Implications for Ghana
- There is the urgent need to re-consider our manufacturing and agro-processing policies to reflect the new opportunities within the free trade area. Ghana’s pharmaceutical sector stands to benefit immensely from this initiative, as the sector appears competitive by exporting within the Sub-Region. This agreement will make it much easier for them to consider other regions of the Continent.
- This Agreement will also have significant impact on the ability of the Country to attract FDI’s beyond the extractive industry. FDI’s upon successful implementation of this Agreement will now choose the Countries with minimum restrictions to the ease of doing of business, since from those countries; they can export to other parts of the continent. Ghana will be required to carry out robust business regulatory reforms and improvement in the ease of doing business, if we are to position the Country as one of the best places to do business on the continent.
- In line with these reforms, Ghana must begin to explore the opportunity of working with other countries in West Africa to jointly pitch to investors.

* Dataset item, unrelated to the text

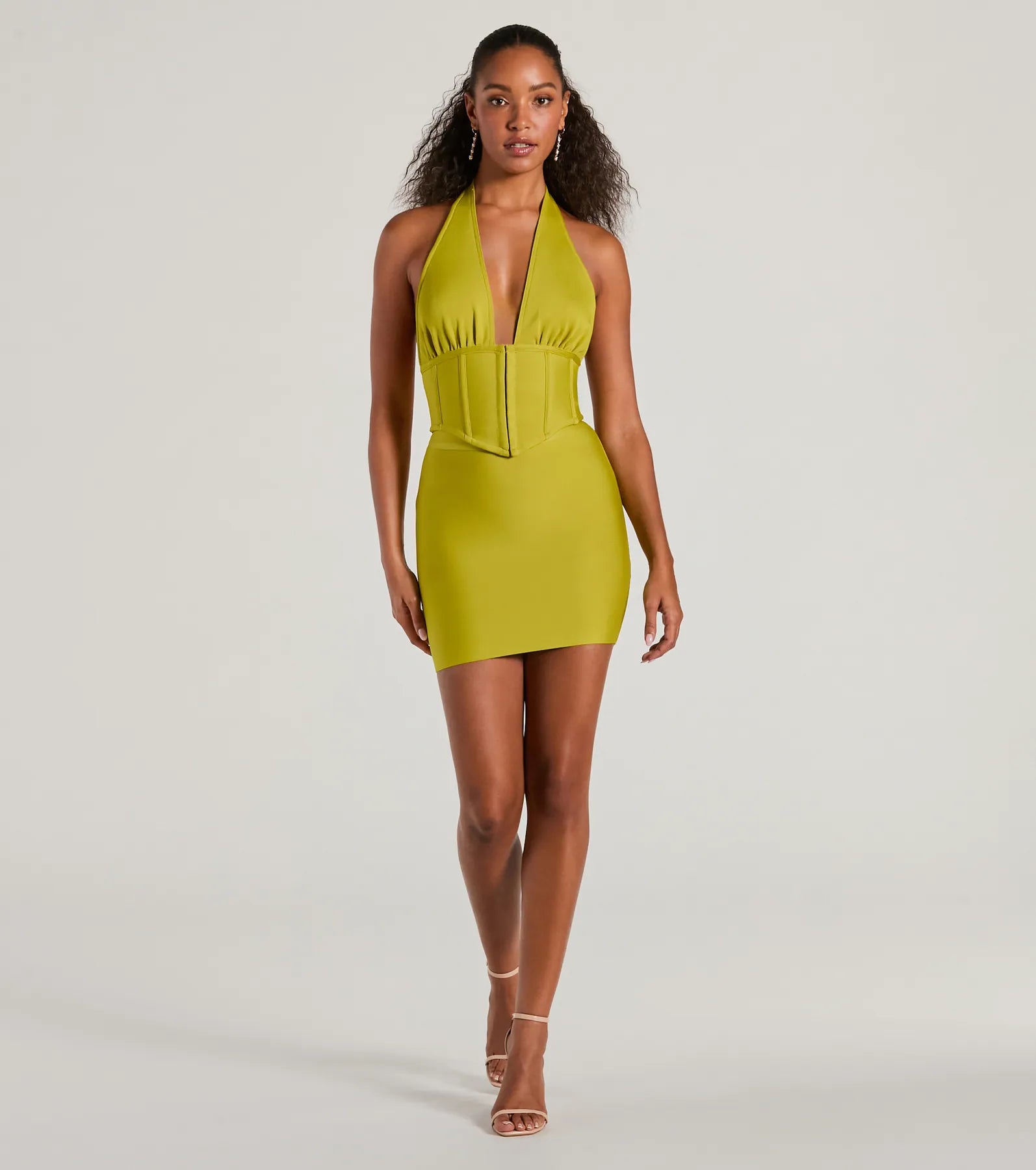 This flirty and sultry bandage mini skirt has everything you need to stand out! Featuring a high-rise waist. a bodycon silhouette. and a mini-length hem. it flatters your curves with every move. Crafted from a seamless bandage knit fabric designed to fit like a glove. Complete the look with the matching top.

Instead of businesses putting up complete manufacturing plants in different Countries, this Agreement should make it possible for countries to jointly negotiate with Businesses to put different components of their manufacturing activities in their countries, instead of setting up full manufacturing plants in different countries to produce the same products.
- Finally, Ghana must now operationalize its International Trade Commission (GITC) to deal with the possible incidents of dumping, which is likely to occur when the CFTA is fully operational.
This article is written by Simon Madjie, Executive Secretary of the American Chamber of Commerce in Ghana, to provide information to Chamber Members. The writer relied on data and information from the African Union, The Economic Commission on Africa & UNCTAD.